<<<<
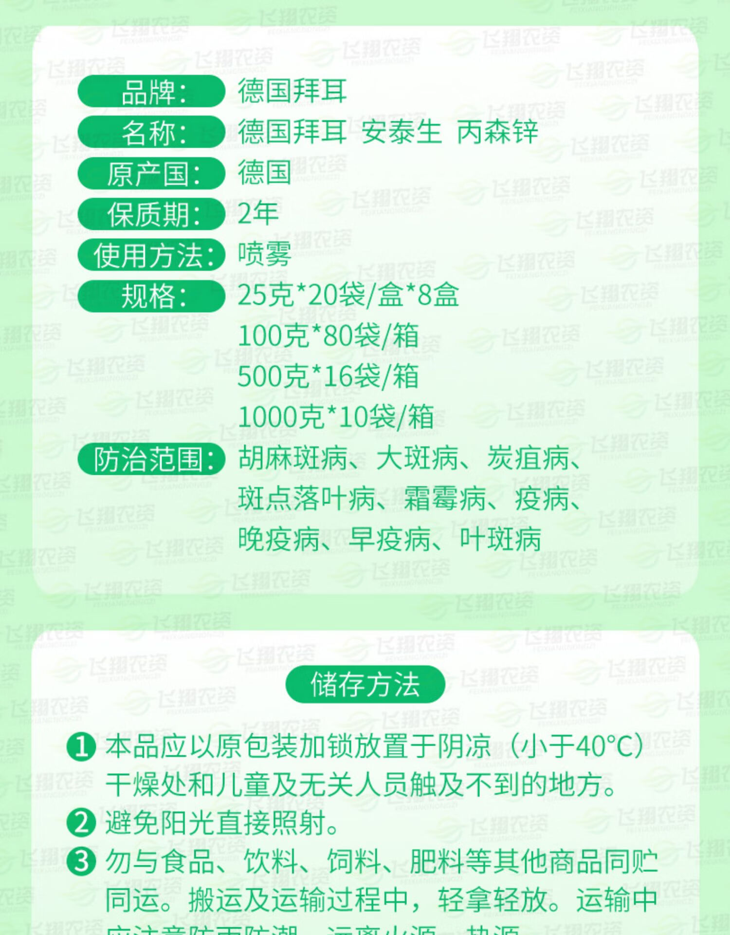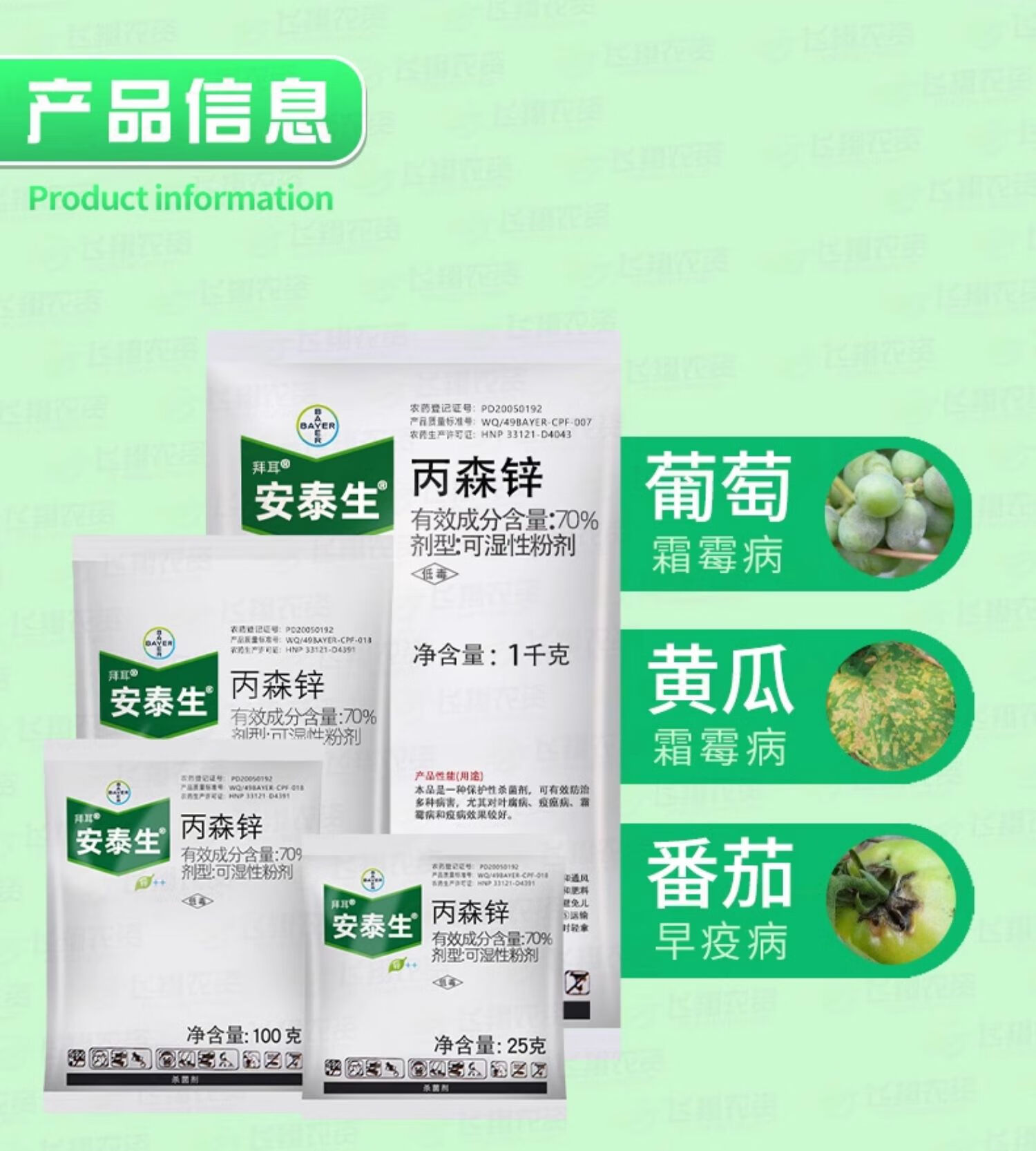 Bayer Antaisyn propionic zinc fruit tree grape cucumber tomato downy mildew early and late blight pesticide fungicide 25g*20 bags
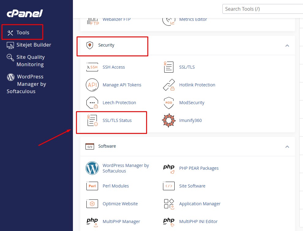 2. “Tools”  ana sayfasında “Security” başlığı altında bulunan“SSL/TLS Status” butonuna tıklayın.
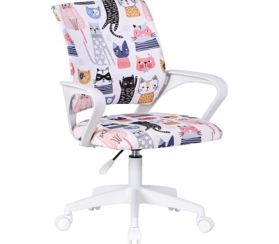 Кресло DEFENDER (64815) Fiesta белый+принт Коты,ткань,класс1
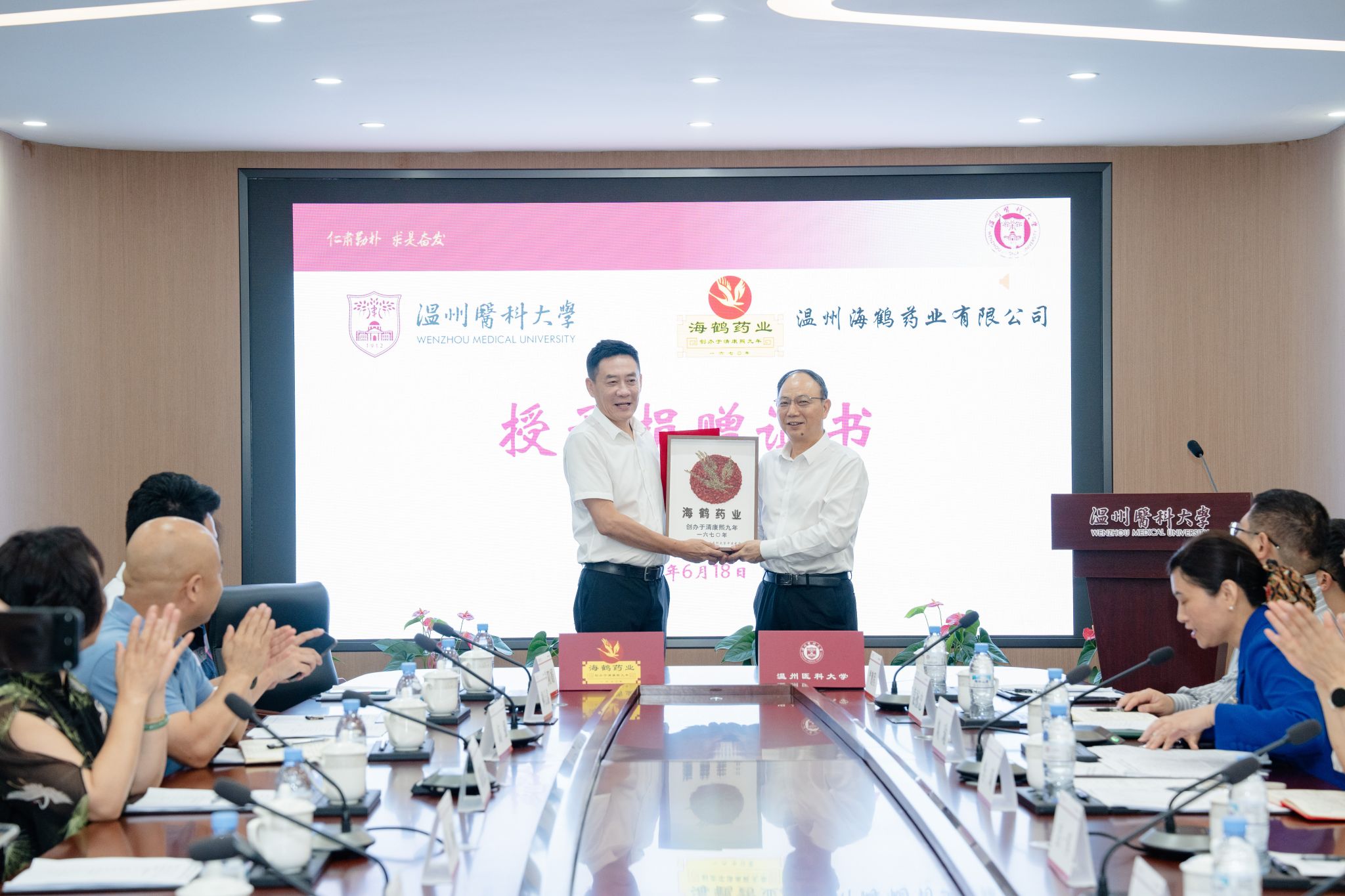 温州海鹤药业有限公司董事长高杨表示,作为一家企业,不仅关注经济效益,把企业做大做强,更需要承担起社会责任,在奉献爱心方面做出表率。此次捐赠是企业向社会传递爱心,坚持创新引领发展,推动校企合作,不断开发研发新产品所迈出的全新一步,希望双方以此为起点,进一步走向多层次、多方面、各领域的合作关系,让校企合作发展走上新台阶。
>>>>
Directions –
Exclude every picture, then reproduce the remaining data character for character.

Result for this task –
 Bayer Antaisyn propionic zinc fruit tree grape cucumber tomato downy mildew early and late blight pesticide fungicide 25g*20 bags
 2. “Tools”  ana sayfasında “Security” başlığı altında bulunan“SSL/TLS Status” butonuna tıklayın.
 Кресло DEFENDER (64815) Fiesta белый+принт Коты,ткань,класс1
 温州海鹤药业有限公司董事长高杨表示,作为一家企业,不仅关注经济效益,把企业做大做强,更需要承担起社会责任,在奉献爱心方面做出表率。此次捐赠是企业向社会传递爱心,坚持创新引领发展,推动校企合作,不断开发研发新产品所迈出的全新一步,希望双方以此为起点,进一步走向多层次、多方面、各领域的合作关系,让校企合作发展走上新台阶。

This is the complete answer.